Additional improvements with respect to an integrating osteogenesis already after short healing time are particularly expected when using increased surface roughness in the range of about 5 to 15 μm R_maxwhich may be reached solely by sand blasting. Also a subsequent treatment of the blasted surface by etching with phosphoric acid is contemplated. In particular, by etching with phosphoric acid of 30% for a time of 30 seconds, using a subsequent rinsing initially with NaCl solution and thereafter with deionized water, the surface roughness can be increased to 5 to 15 μm R_max(in particular to about 8 to 12 μm, depending on the previous blasting treatment).
In addition, the activation of the surface reached by etching facilitates an integrating osteogenesis. To keep this activation until implantation, in addition it is preferred to store the implant directly after the etching and rinsing treatment in a suitable liquid, such as deionized water, until the implant is implanted by the doctor. In this way it is avoided that the surface loses its activation fully or partially by means of air constituents, before the dental implant is applied.

Claims

1-34. (canceled)

35. A dental implant comprising:

an anchoring part having a threaded section;

a mounting part for receiving a dental element;

the anchoring part and mounting part being an integral body and comprising a zirconium oxide material;

the anchoring part having a coated region only in an area to be recessed within the bone during implantation, the body of the coated region having a roughened surface, the roughened surface being coated with a thermal spray coating of titanium or titanium alloy that promotes ossification.

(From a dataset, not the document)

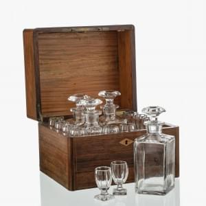 Bois, comprenant 4 carafes et 12 verres, 24x29x23 cm
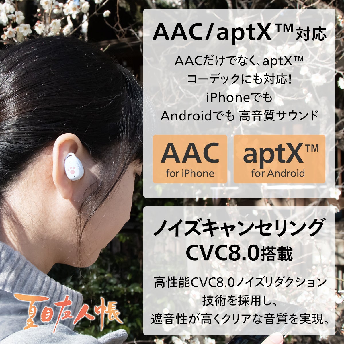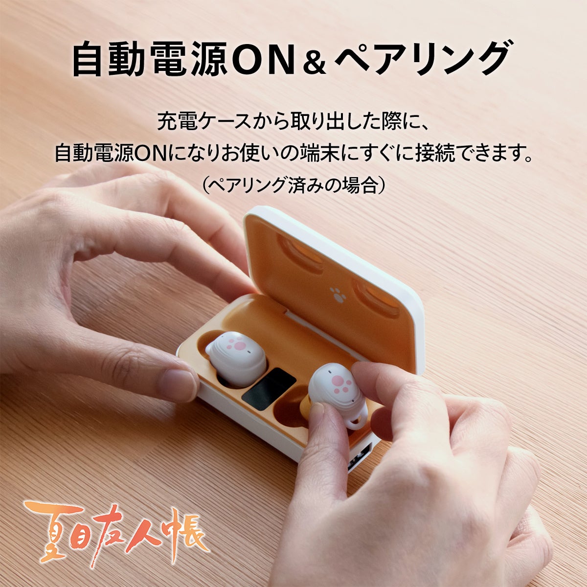 電源オン時やイヤホン接続時などに、ニャンコ先生の声でアナウンスされる特別仕様のワイヤレスイヤホンです。

36. The dental implant of claim 35, wherein the coating is of titanium.

37. The dental implant of claim 36, wherein the coating has a thickness of 20 to 100 micrometers.

38. The dental implant of claim 35, wherein the coating has a thickness of 20 to 100 micrometers.

39. A method for producing the dental implant of claim 35, wherein the roughened surface is roughened by abrasive blasting or by etching, and the roughened surface is coated with titanium or titanium alloy by thermal spraying.

40. The method of claim 39, wherein the coating is of titanium.

41. The method claim 40, wherein the coating has a thickness of 20 to 100 micrometers.

42. The method of claim 39, wherein the coating has a thickness of 20 to 100 micrometers.